Le Soudan, exsangue et résistant

Il y a un an, l’armée s’emparait de tous les pouvoirs à Khartoum et mettait fin au processus de transition démocratique. Le bilan de ce coup d’État est désastreux dans tous les domaines. État des lieux.

Khartoum, 13 octobre 2022. Manifestation antigouvernementale réclamant le retour à un régime civil. Sur la banderole, on lit : « non à la militarisation du système judiciaire »
AFP

Faire un coup d’État, c’était sauver le pays, assurait le 25 octobre 2021 son auteur principal, le chef de l’armée, le général Abdelfattah Al-Burhan. Il était à l’époque président du Conseil de souveraineté, l’organe de supervision… du gouvernement de transition vers la démocratie. Il fallait, proclamait le général, remettre la révolution sur de bons rails, écarter ceux qui n’étaient mus que par la volonté de « tout garder entre leurs mains, sans préoccupation pour les menaces politiques, économiques et sociales » qui s’amoncelaient au-dessus du pays.
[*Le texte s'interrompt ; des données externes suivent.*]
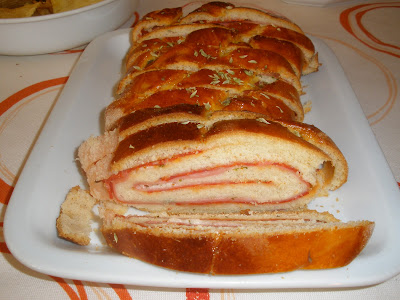 Esta bola foi outra experiência bem sucedida! Bem recheadinha das mais variadas carnes já ficou adotada cá por casa. A inspiração veio do Sabor Intenso.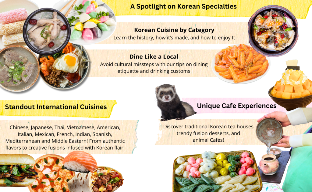 – Master Korean Cuisine: Learn the history, variety, and preparation of Korean dishes, so you know what to order and savor every bite.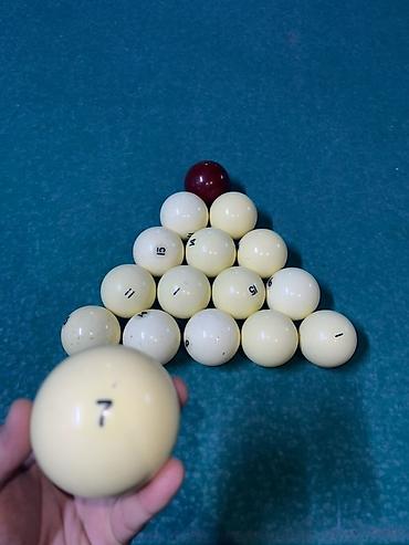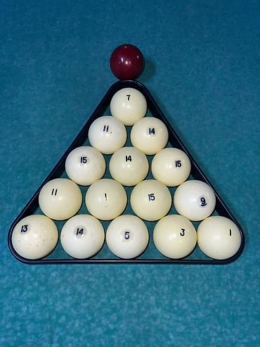 - Полный комплект: 15 пронумерованных белых шаров + 1 бордовый шар (биток/прицельный — в зависимости от правил).

Il s’agissait, selon le putschiste, de former un gouvernement de technocrates compétents et désintéressés, aptes à bien gérer le pays.

Al-Burhan n’était pas seul. Participaient notamment à la « correction du chemin » de la transition démocratique les généraux Shamseddine Kabashi, compagnon d’armes du commandant en chef des forces armées, et Mohamed Hamdan Dagalo, dit Hemetti, chef de la Force de soutien rapide (Rapid Support Forces, RSF), issu des janjawid, milices supplétives de l’armée soudanaise pendant la guerre du Darfour. Tous deux siégeaient déjà aux côtés d’Abdelfattah Al-Burhan au sommet du pouvoir. Un an plus tard, ils y sont toujours. Mais où en est le Soudan ?

« Nous avons vécu une année blanche », déplore Othman Manal, un activiste cheville ouvrière du gouvernement de transition. Toujours à Khartoum, sa sécurité est précaire et nous préservons son anonymat en modifiant son nom. « Al-Burhan avait justifié son coup d’État par des promesses et nié vouloir mettre fin à la transition démocratique. Un an après, nous n’avons pas de gouvernement, pas de justice, une économie dans un état pitoyable. » « Le coup d’État a mis à bas tous les progrès réalisés par le gouvernement de transition, économiquement, politiquement, socialement », renchérit Kholood Khair, analyste et directrice du think tank Confluence Advisory, basé à Khartoum.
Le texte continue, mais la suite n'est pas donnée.